The exception for this is approaches like IDA, which use AI's trained to imitate humans, so will probably actually be quite human like.

Take an example of an aligned AI system, and describe what the corresponding arrangement of humans would even be. Say take a satificer agent with an impact penalty. This is an agent that gets 1 reward if the reward button is pressed at least once, and is penalised in proportion to the difference between the real world and the hypothetical where it did nothing.How many people does this AI correspond to, and how are the people arranged into a coorporation?

I think you're misunderstanding my analogy.

I'm not trying to claim that if you can solve the (much harder and more general problem of) AGI alignment, then it should be able to solve the (simpler specific case of) corporate incentives.

It's true that many AGI architectures have no clear analogy to corporations, and if you are using something like a satisficer model with no black-box subagents, this isn't going to be a useful lens.

But many practical AI schema have black-box submodules, and some formulations like mesa-optimization or supervised amplification-distillation explicitly highlight problems with black box subagents.

I claim that an employee that destroys documentation so that they become irreplaceable to a company is a misaligned mesa-optimizer.
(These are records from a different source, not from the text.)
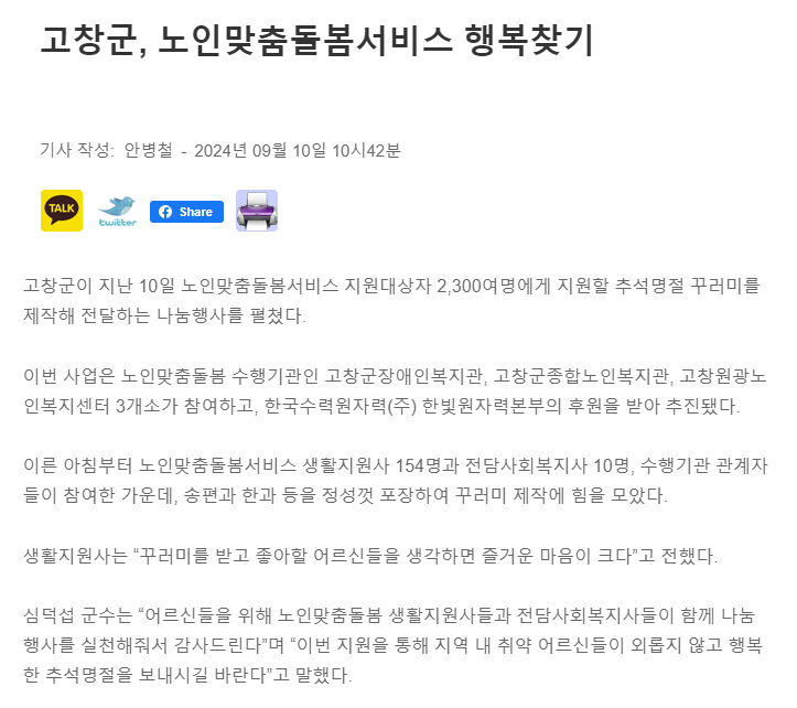 고창군, 노인돌봄맞춤서비스 행복찾기 [새전북신문] 문설 0 235 2024.09.11 10:41 http://sjbnews.com/news/news.php?number=827033 + 50 고창군, 노인돌봄맞춤서비스 행복찾기 [새전북신문]
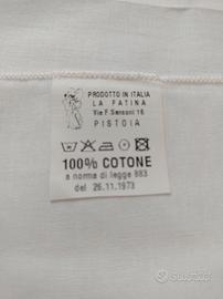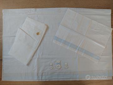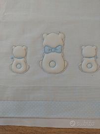 Elegante set da regalo per neonato firmato La Fatina (Pistoia, Italia), realizzato in 100% puro cotone, ideale per culla, lettino e carrozzina. Il set comprende: 1 lenzuolo superiore con inserti celesti e ricamo con tre orsetti, 1 lenzuolo inferiore con angoli (coprimaterasso con elastico), 1 federa coordinata. Prodotto in Italia, a norma di legge 883/1973, rifinito con cura artigianale. Il tessuto è morbido, traspirante e anallergico, perfetto per la pelle delicata del neonato. 💙 Ideale come regalo di nascita, battesimo o decorazione per la cameretta. Colore prevalente: bianco con inserti azzurro chiaro a pois. 🔍 Condizioni: nuovo, mai usato. Sono presenti solo piccolissime pieghe dovute alla conservazione, un lieve alone grigio sul lenzuolino e un lieve alone quasi impercettibile su un bordo, come visibile in foto.
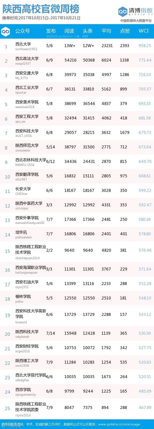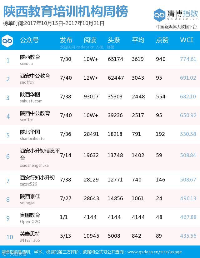 ● 本期陕西教育类新媒体周榜包含以下四个榜单:依次为陕西省教育部门官方微信周榜TOP25、陕西高校官方微信周榜TOP25、陕西高校自媒体周榜TOP10、陕西教育培训机构微信周榜TOP10。更多行业新媒体榜单可登陆清博指数官网查询:www.gsdata.cn
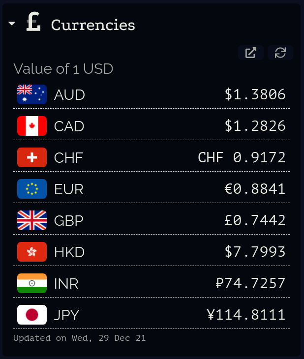 --widget-text-color- Text color, defaults to--primary--widget-background-color- Background color, defaults to--background-darker--widget-accent-color- Accent color, defaults to--background
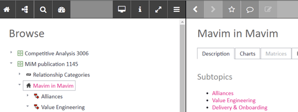 Als de boom in het linker venster staat en de omschrijving in het rechter venster, en de link wordt aangemaakt
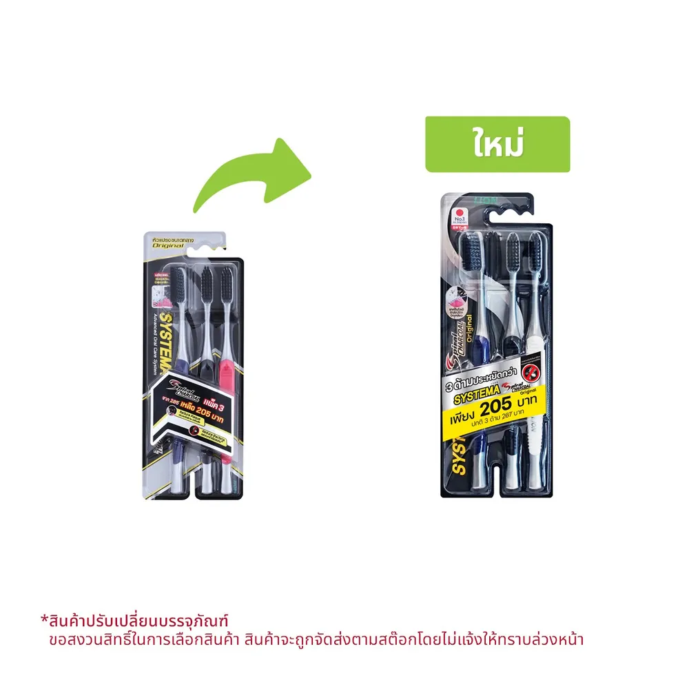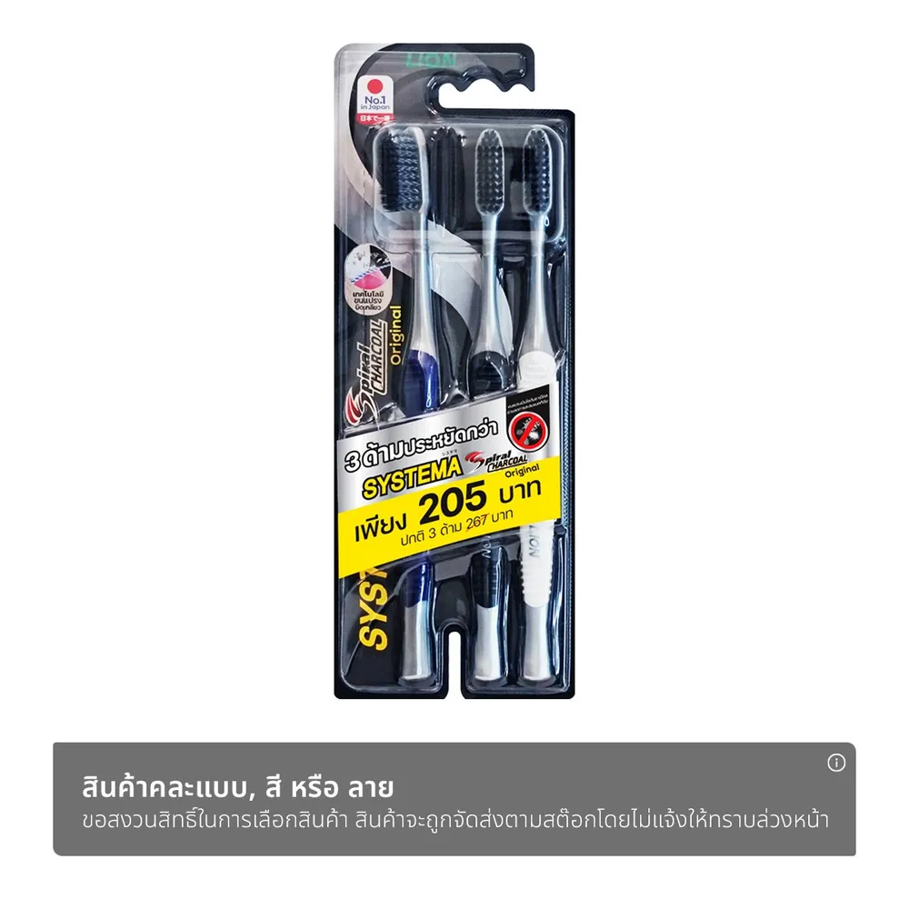 <p>ซิสเท็มมา แปรงสีฟัน สไปรัล ชาร์โคล แพ็ค 3<br />

Then I further claim that this suggests:

  • Company structures contain existing research on misaligned subagents. It's probably worth doing a literature review to see if some of those structures have insights that can be translated.
  • Given a schema for aligning sub-agents of an AGI, either the schema should also work on aligning employees at a company or there should be a clear reason it breaks down
    • if the analogy applies, one could test the alignment schema by actually running such a company, which is a natural experiment that isn't safely accessible for AI projects. This doesn't prove that the schema is safe, but I would expect aspects of the problem to be easier to understand via natural experiment than via doing math on a whiteboard.

Company structures contain existing research on misaligned subagents. It's probably worth doing a literature review to see if some of those structures have insights that can be translated.

"Principal-agent problem" seems like a relevant keyword.

Also, how does nature solve this problem? How are genes aligned with the cell as a whole, cells with the multicellular organism, ants with the anthill?

Though I suspect that most (all?) solutions would be ethically and legally unacceptable for humans. They would translate as "if the company fails, all employees are executed" and similar.